À quel âge un chiot arrête-t-il de faire des bêtises ?

Il n'y a pas de date. Les comportements de jeune chiot s'estompent progressivement à mesure que le chien mûrit, mais la maturité arrive plus tôt chez les petits gabarits et plus tard chez les grands, avec de fortes différences d'un individu à l'autre. Ce qui change vraiment la courbe, c'est la constance des règles et la quantité d'activité proposée.

Pourquoi mon chien de six mois semble avoir tout oublié ?
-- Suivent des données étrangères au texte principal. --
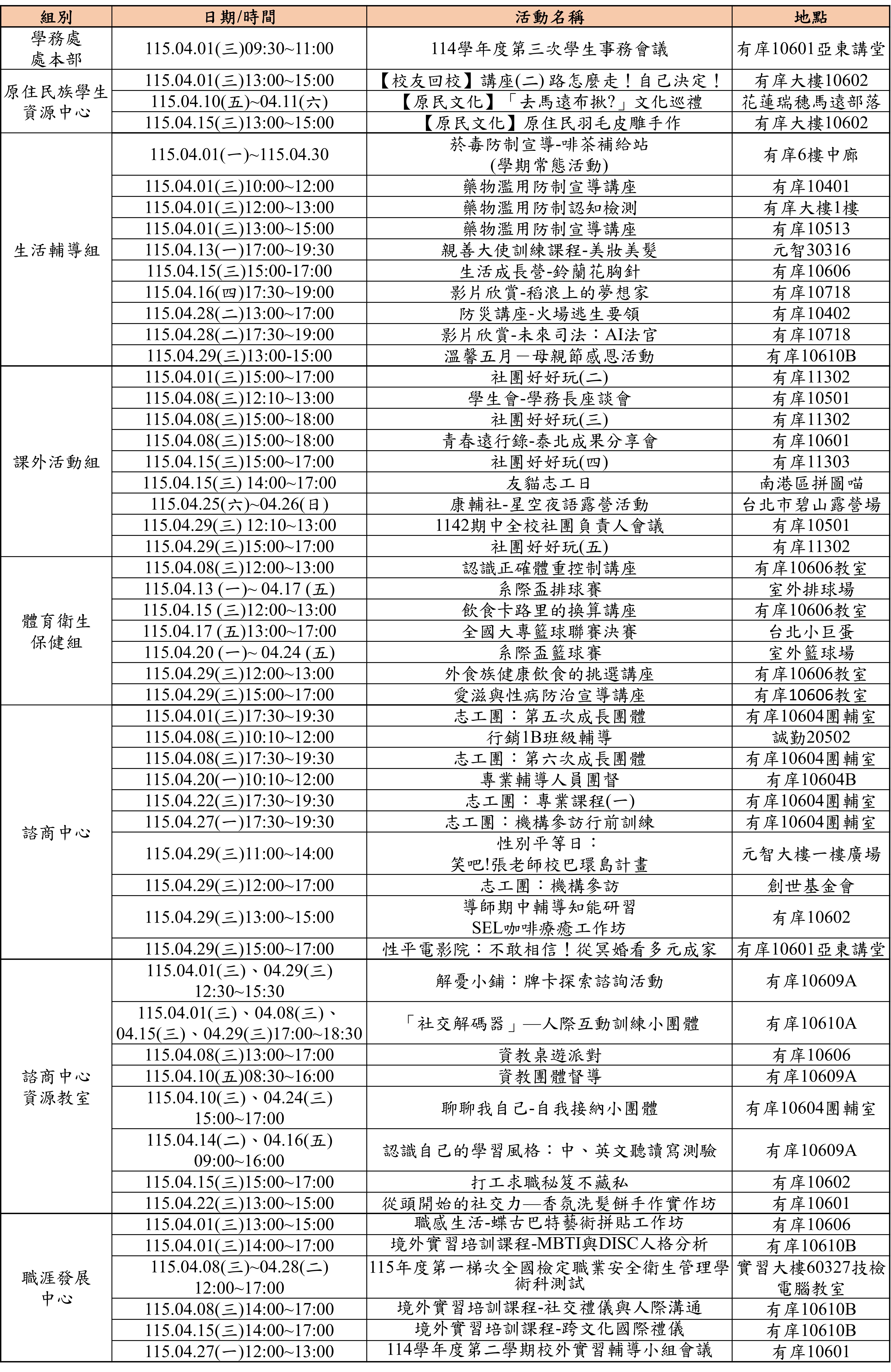 115年4月份學務處活動一覽表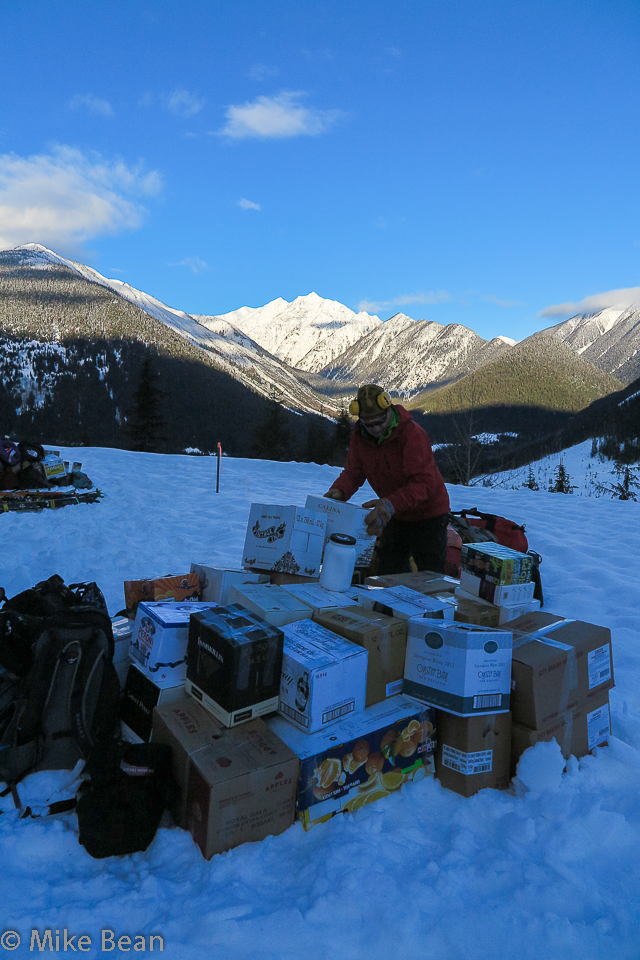 Half the group and half the gear made the first flight, so the remaining folks got to enjoy securing the stack of boxes with their weight.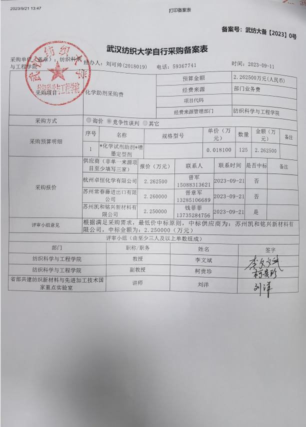 关于化学助剂采购公示
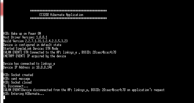 I'm currently working on using the different sleep modes and hibernation mode. The sleep modes work well, but I have some trouble with hibernation. To figure out were the problem might be I started the "hib" sample from the SDK and it seams that it isn't working as expected either.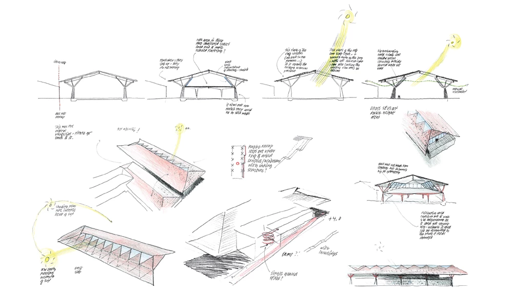 The original estate was planned as an entire farming village, with the chateau surrounded by all of the industrial facilities needed for wine-making. A new building for the production of primarily white wine extends from the eastern wing of the existing winery complex, balancing the overall composition. The first step was to create a large open space under a big roof to shelter the conveyors during the harvest season. For the rest of the year this space can be used for events, and also becomes a new entrance. The rest of the roof shelters the technical, office and social spaces, and includes a new research and development centre. In its simplicity, the new building reinterprets the form of the existing industrial facilities, retaining this connection between process and architecture. A pitched roof, covered with weathered tiles, conceals amid the traditional structures a contemporary one, supported by tree-shaped load bearing columns and punctuated by light wells. In this way, the building addresses the double challenge of fulfilling the most demanding technical requirements while respecting the existing traditional complex.

C'est l'adolescence, et c'est déconcertant pour tout le monde. Le rappel se délite, le chien teste des choses acquises depuis longtemps, se montre plus distrait dehors. Rien n'est perdu : les apprentissages sont toujours là, mais moins accessibles quand l'environnement devient plus intéressant que vous. On continue, on facilite, on ne recommence pas de zéro.

Faut-il punir un chiot qui fait des bêtises ?

Non, et surtout pas après coup. Un chien ne relie pas une réprimande à un acte commis plus tôt : il comprend seulement que votre retour est désagréable. L'air « coupable » qu'on croit voir est une réponse d'apaisement à votre attitude, pas un aveu. Il est bien plus efficace de gérer l'environnement et de récompenser ce qui vous convient.

Est-ce que la stérilisation calme un chien ?

Elle agit sur des comportements liés aux hormones, comme les fugues d'un mâle attiré par une femelle en chaleurs, mais elle ne rend pas un chien calme et ne remplace aucun apprentissage. Un chien qui manque d'activité ou de repos le restera après l'intervention. C'est une décision médicale à prendre avec votre vétérinaire, au cas par cas.